Saturday, May 9, 2026

"AI in fraud detection and compliance"

False positives and other challenges plus a bonus look at the Caravaggio we saw in "Are Prediction Markets Good for Anything?". 

From Arpit Gupta's Arpitrage substack, Apr 05:

Finding Needles in Haystacks 

This is the fifth week of my course summaries from teaching AI in Finance at NYU Stern (see lecture slides here; and last week’s summary here). This week focuses on fraud detection and compliance, which are two critical growth areas for AI applications.

The Base Rate Problem

Caravaggio’s The Cardsharps

We start off this week with Caravaggio’s The Cardsharps, which features a young man being cheated at cards through an accomplice looking at the cards signaling to his partner who has a few cards tucked behind their belt. I like this painting because it features all the everlasting elements of fraud: asymmetric information, coordination among bad actors, and the innocent mark. Fraud and financial crimes have since drastically shifted through scale and ease of execution through technology. Consumers report $12.5 billion in fraud to the FTC; global reported payment card fraud is maybe $30 billion a year; and global compliance costs on financial crimes is about $60 billion a year.

The core technical problem in fraud detection is the base rate problem. Despite the absolute magnitude of fraud, it’s quite rare in any given transaction, say less than 0.1%.

This means that the most “accurate” fraud detection algorithm is always going to be the classifier which tags all transactions as legitimate. It’s going to be 99.9%+ accurate! But this would be a terrible algorithm to deploy because failing to tag anything as fraudulent will be an open invitation for more crimes.

This is the fundamental tradeoff at the heart of fraud detection.

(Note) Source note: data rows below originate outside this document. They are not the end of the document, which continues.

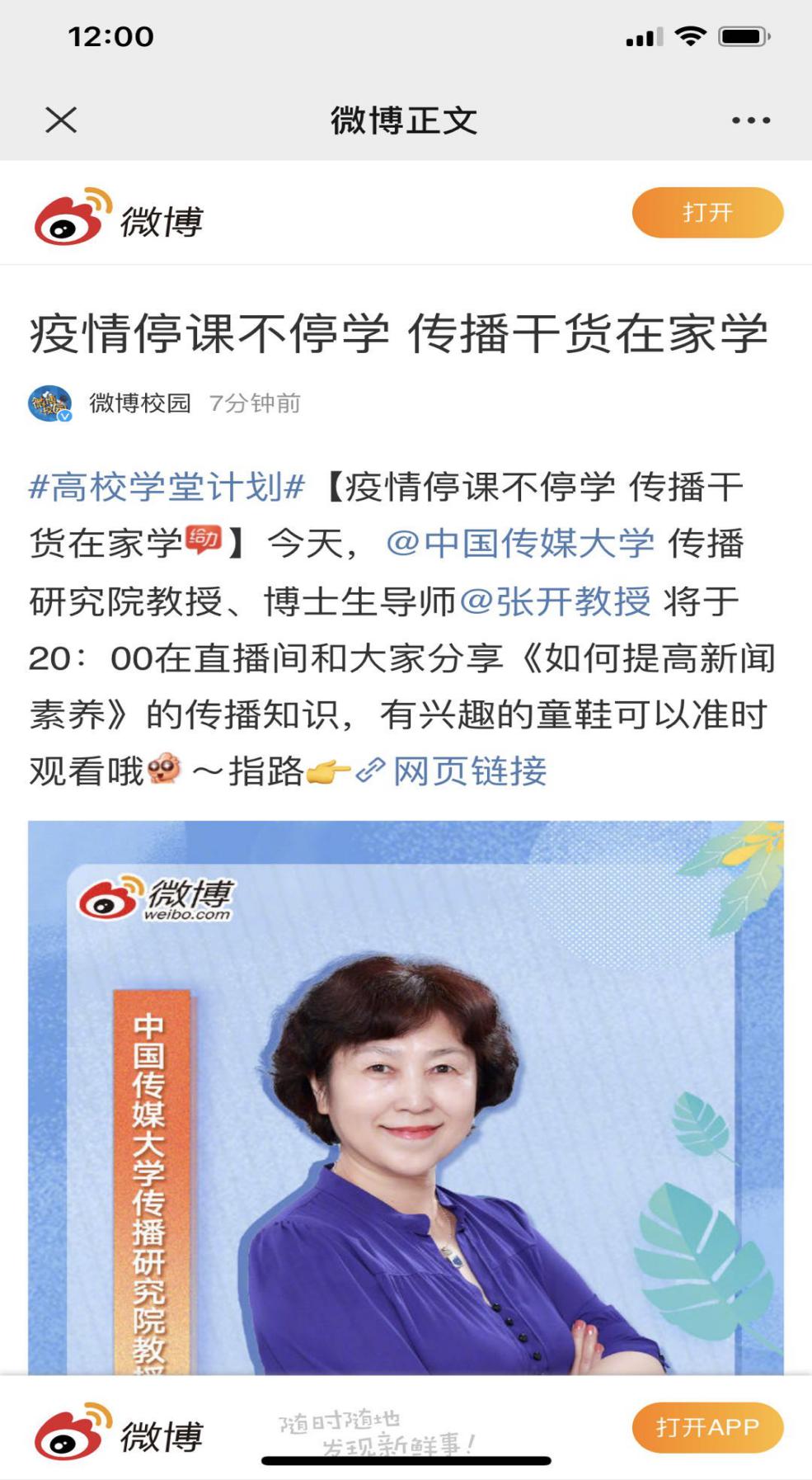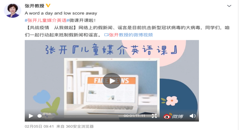 张开教授主持的“张开儿童媒介英语”课程成为微博热门课程。该课程是微博校园联合百所名校及高校名师共同发起的“高校学堂计划”的核心课程,立足于在轻松氛围中将媒介认知、传播能力、和学习能力融合到英语语言的学习和运用中,从而激发学生的学习兴趣、责任意识、交流能力和媒介使用的自我管理能力。该课程于2020年2月5日开课,第一课由“共战疫情 由我做起”开端,以fake news引入,呼吁以行动抵制疫情期间的假新闻和谣言。截至到3月20日,该课程的阅读次数达到292.9万。
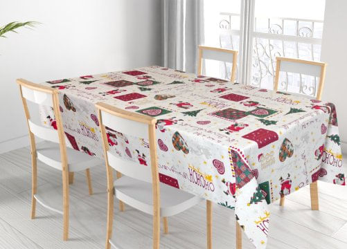 Tovaglia Natalizia Cucina Soggiorno In 100% Cotone Disegno Oh Oh Panna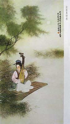 浔阳江头夜送客,枫叶荻花秋瑟瑟。主人下马客在船,举酒欲饮无管弦。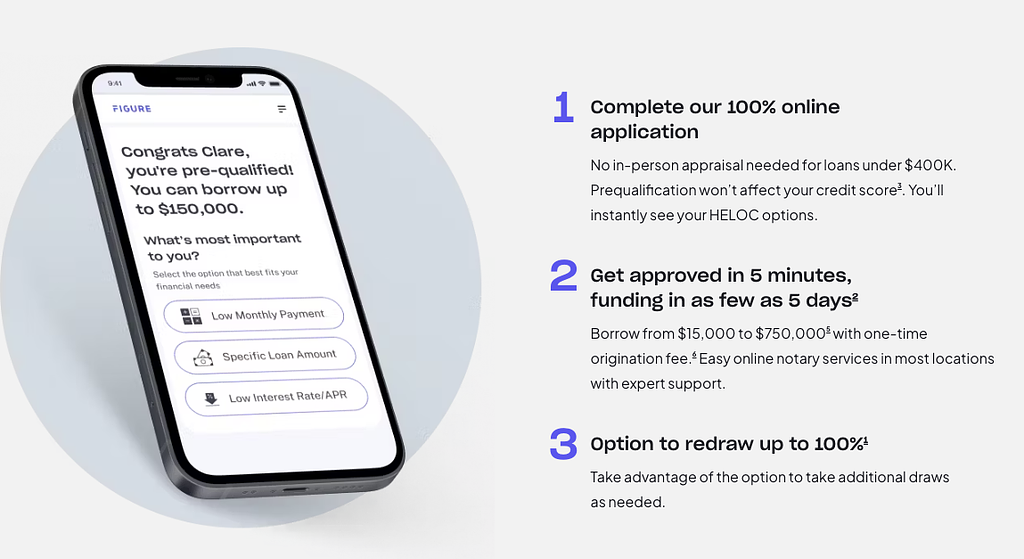 Figureの出発点は、個人の住宅資産を担保としたHELOC(Home Equity Line of Credit)事業です。オンライン完結型のプロセスを特徴とし、申請から資金提供まで平均10日未満という業界最速水準を実現しています。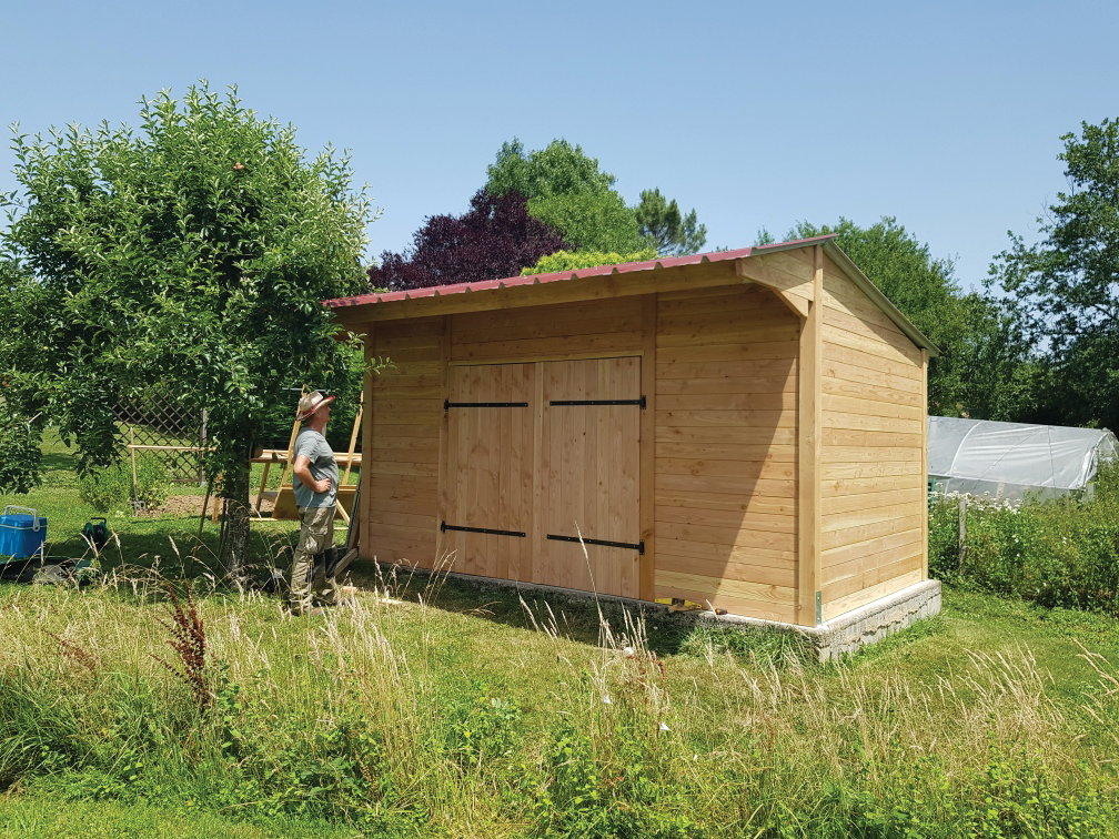 Grâce à sa surface généreuse, cet abri peut aussi servir d’atelier de bricolage ou de local de rangement.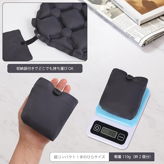 【超軽量110g&手のひらサイズ】 超軽量110gと手のひらサイズ収納(専用収納袋付属)。旅行用最適なコンパクトクッションとして登山、釣り、コンサートへ持ち運び可能。付属収納袋に入れて鞄にスッキリ収納、型崩れ防止。屋外イベントに最適。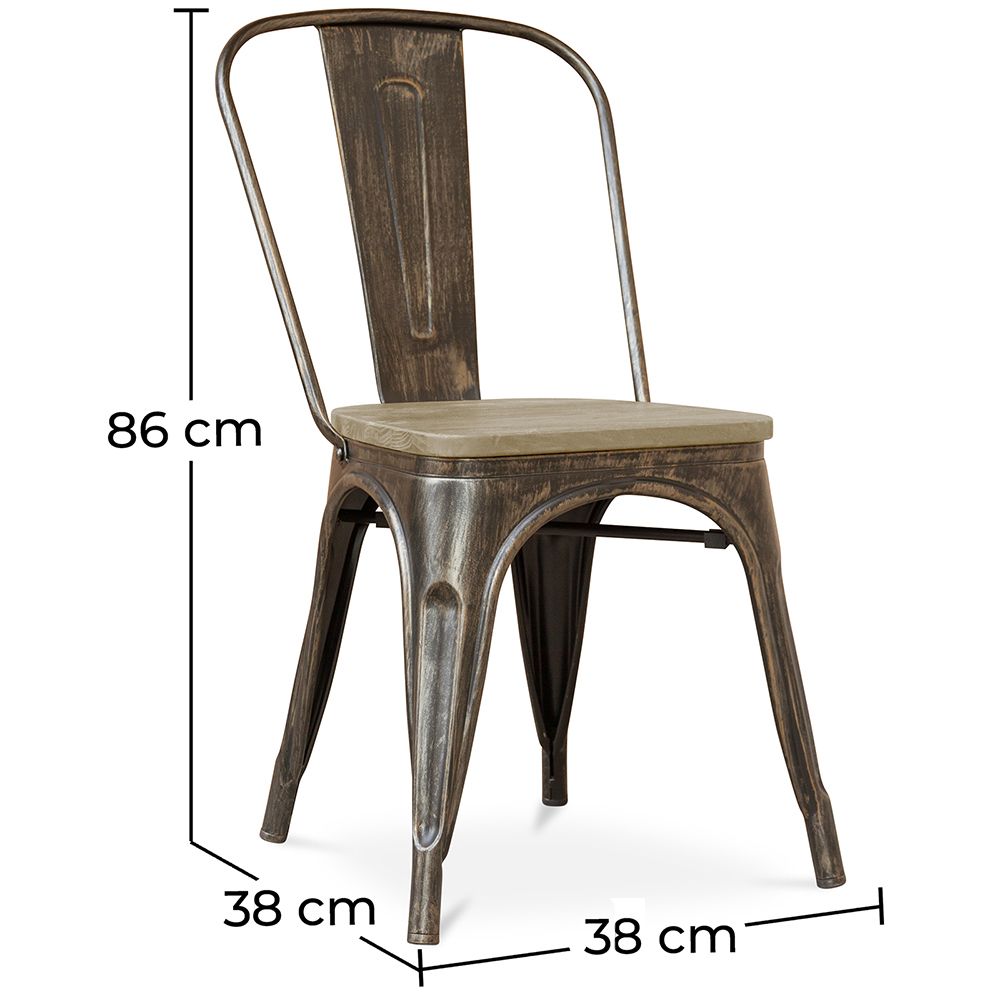 La silla Bistrot Metalix Style es resistente y apilable, al mismo tiempo que tiene en cuenta la necesidad de ligereza. Esto significa que puede moverla rápidamente del punto A al B si elige usarla como silla de restaurante o silla de bar. Un soporte de metal en forma de X debajo del asiento de madera mejora la resistencia de la silla.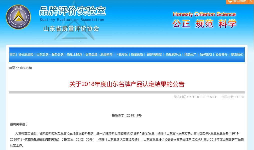 经企业自愿申报、各市推荐、资格审查、材料(网络)认定、现场核查、企业质量信用评价等认定环节的层层筛选及征求意见和社会公示等工作程序,确定了2018年度“山东名牌产品”名单。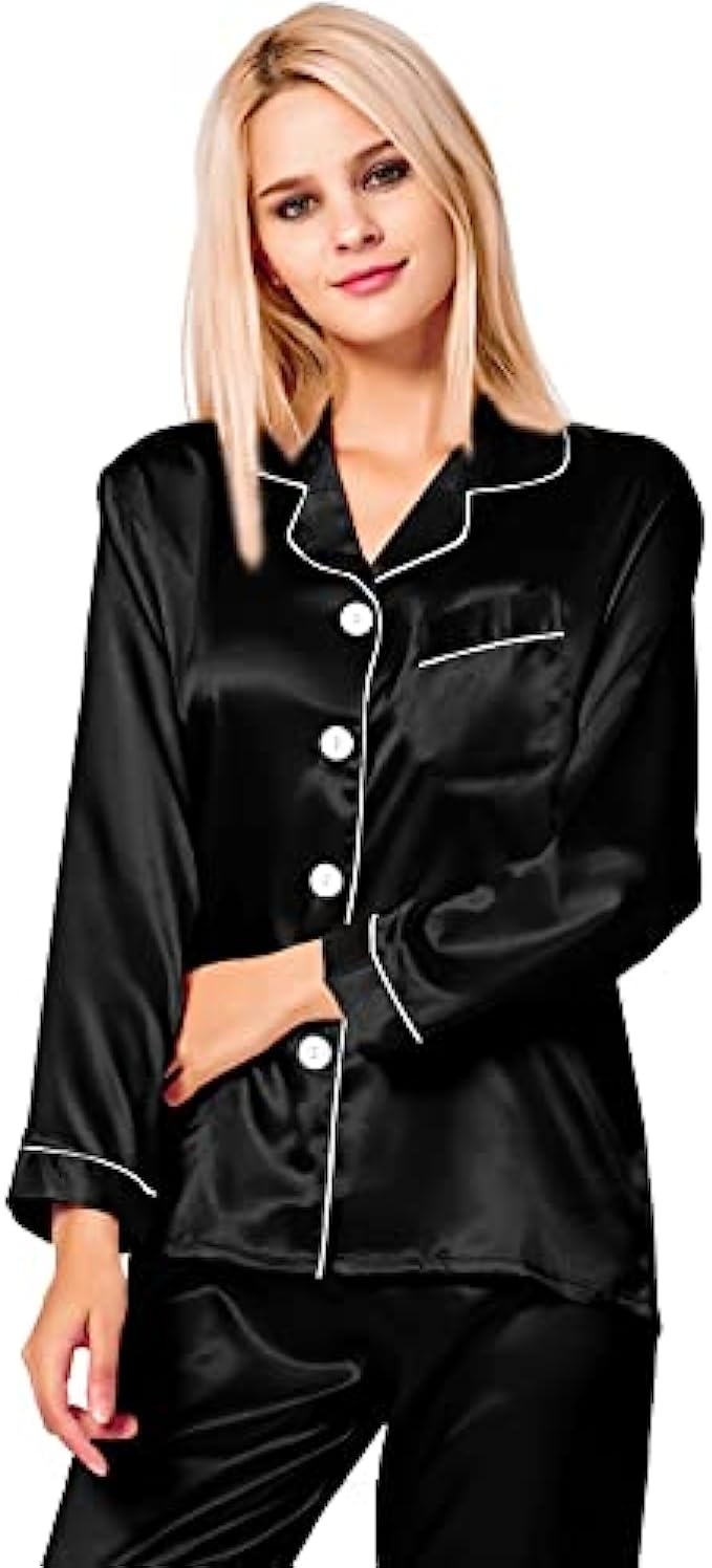 • Occasion: Women's Long Sleeve Silk Satin Pajamas Set, which is suitable for daily wearing and easy to match. Comfortable and suitable for lounging and sleeping, pajama party, girls day, bridal sleepwear, indoor, living room, bedroom, hotel, vacation, travel, and daily sleepwear.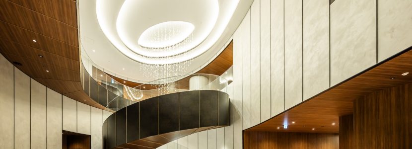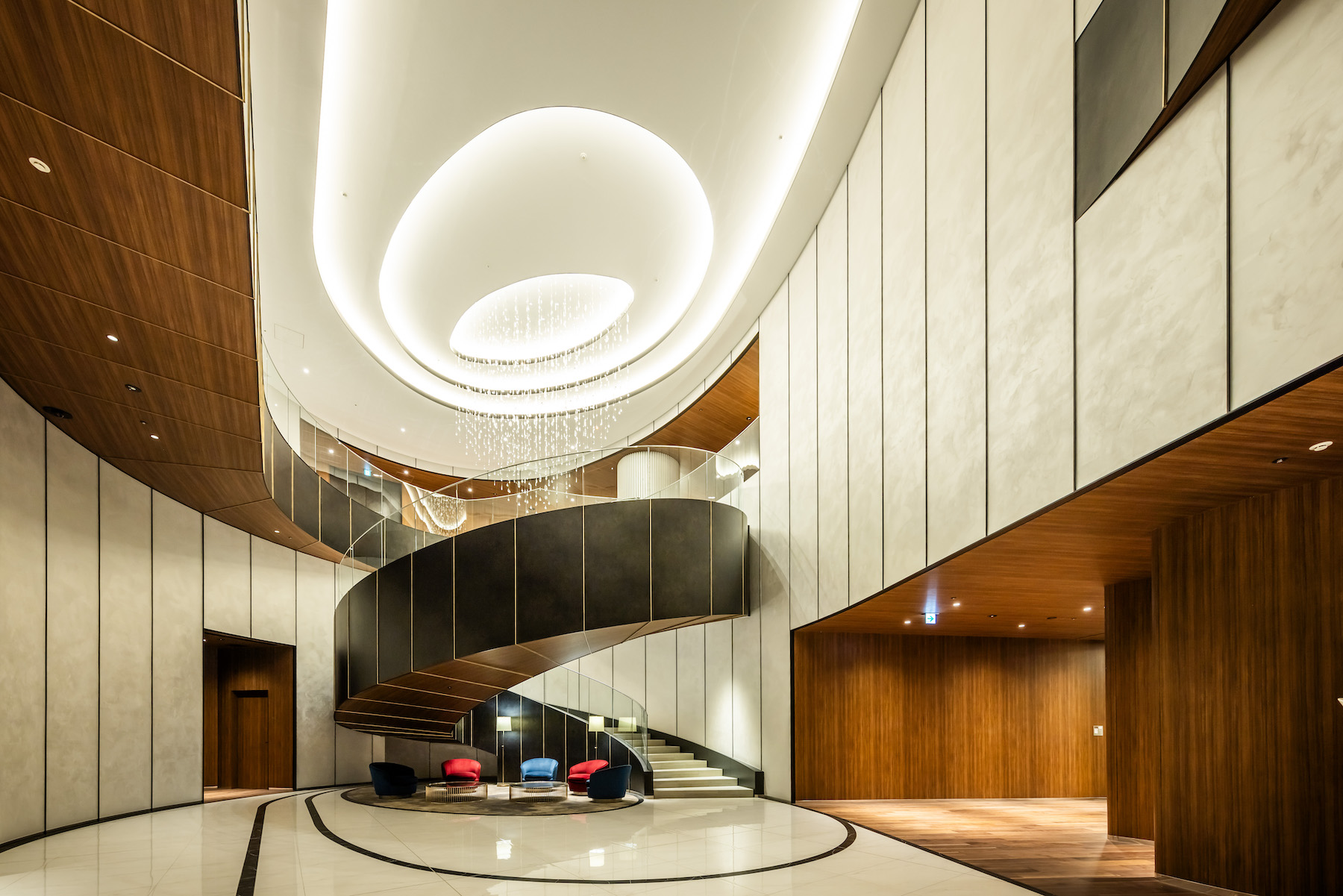 まるで大型客船に設えられた螺旋階段が中央に停む「パークタワー勝どきミッド」のエントランスラウンジ。約9mの吹き抜け空間に、螺旋階段の曲線美がラグジュアリー感を創出。ここに住まう方を、優雅にお迎えする。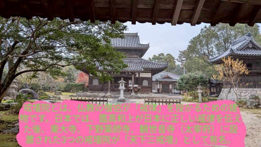 日本の三戒壇(観世音寺・東大寺・下野薬師寺)の一つに数えられ、正式な僧侶となるための戒律を授ける場所でした。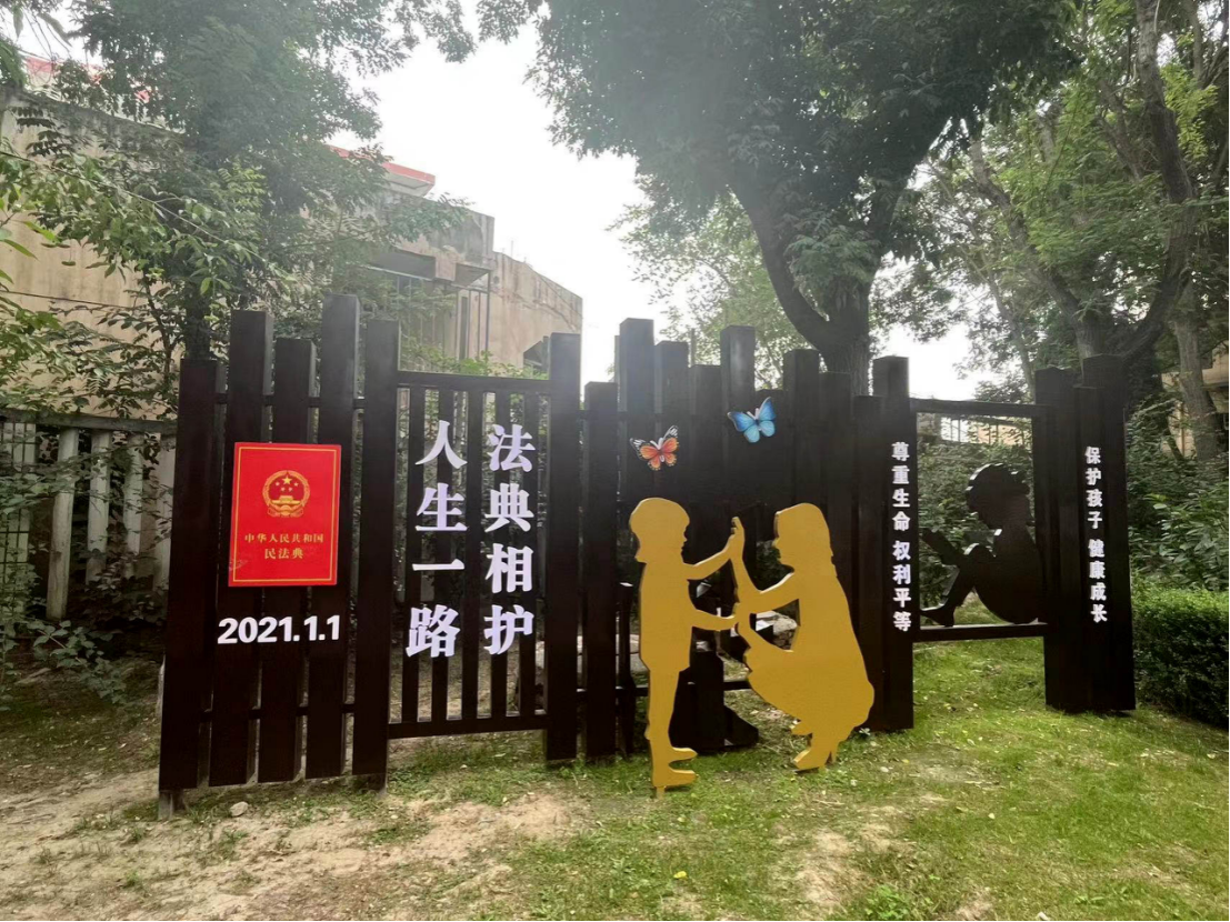 除了線上“第一課”,記者看到,金城公園設置憲心園、典護園、網絡安全主題區(qū)、法治文化廣場四大主題普法區(qū):憲心園設巨型《憲法》刻書;典護園設立了《民法典》宣傳建筑與母子雕塑;網絡安全主題區(qū)則以圓形建筑為“防護墻”,聚焦網絡詐騙、個人信息保護等,提升網絡安全意識;法治文化廣場融合明清仿古建筑與現代法律元素,設置《民法典》生活展牌、網絡普法園等。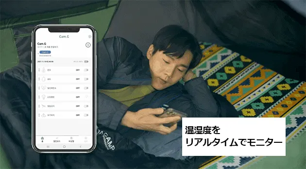 温湿度をリアルタイムでモニターするだけでなく高温や高湿度、低湿度の際にアラームを鳴らすことができ、管理がしやすいためキャンプや旅行を快適に過ごすことができます。

Tightening the rules to capture more fraud (lowering false negatives, Type II errors) inevitably means flagging more legitimate transactions as fraudulent (raising false positive, Type 1 errors). These errors have complicated costs which vary based on contexts. Customers really dislike false positives, so tagging more fraud may lead to more customer churn. But letting real fraud through can also lead to huge losses, regulatory penalties, and reputational costs.

Beneish and Vorst have a nice paper illustrating this tradeoff using a range of fraud prediction models. Even the best models they consider have false positive rates in excess of 100:1, meaning that they tag 100 legitimate transactions as fraudulent for every one true fraud they capture. These tradeoffs are so bad they estimate it’s generally not cost effective to even adopt the fraud detection models.

From Rules to Representation

The broader history of fraud detection is similar to other areas of AI deployment in finance, particularly risk management which we had discussed in week 3. Prior to the 1990s we typically had manual review, which was expensive and slow to scale. From the 1990s and 2000s we had rule-based systems which were more scalable, but rigid and easy to game. The 2010s brought supervised ML techniques, such as random forests, which brought in labeled data to let the model learn about fraud drivers in more adaptable ways.

The impact of AI here has been to move towards richer representations of transaction data in ways that allow for more sophisticated analysis of fraudulent patterns of behavior. Purda and Skillicorn for instance show how even simple bag of words applied to the management discussions of financial reports can distinguish fraudulent from truthful filings. This shows that deceptive language carries detectable statistical signatures in word patterns which can be carefully mined for detection....

....MUCH MORE 

Previously with Professor Gupta:

"The End of Market Intelligence and the Last Analyst"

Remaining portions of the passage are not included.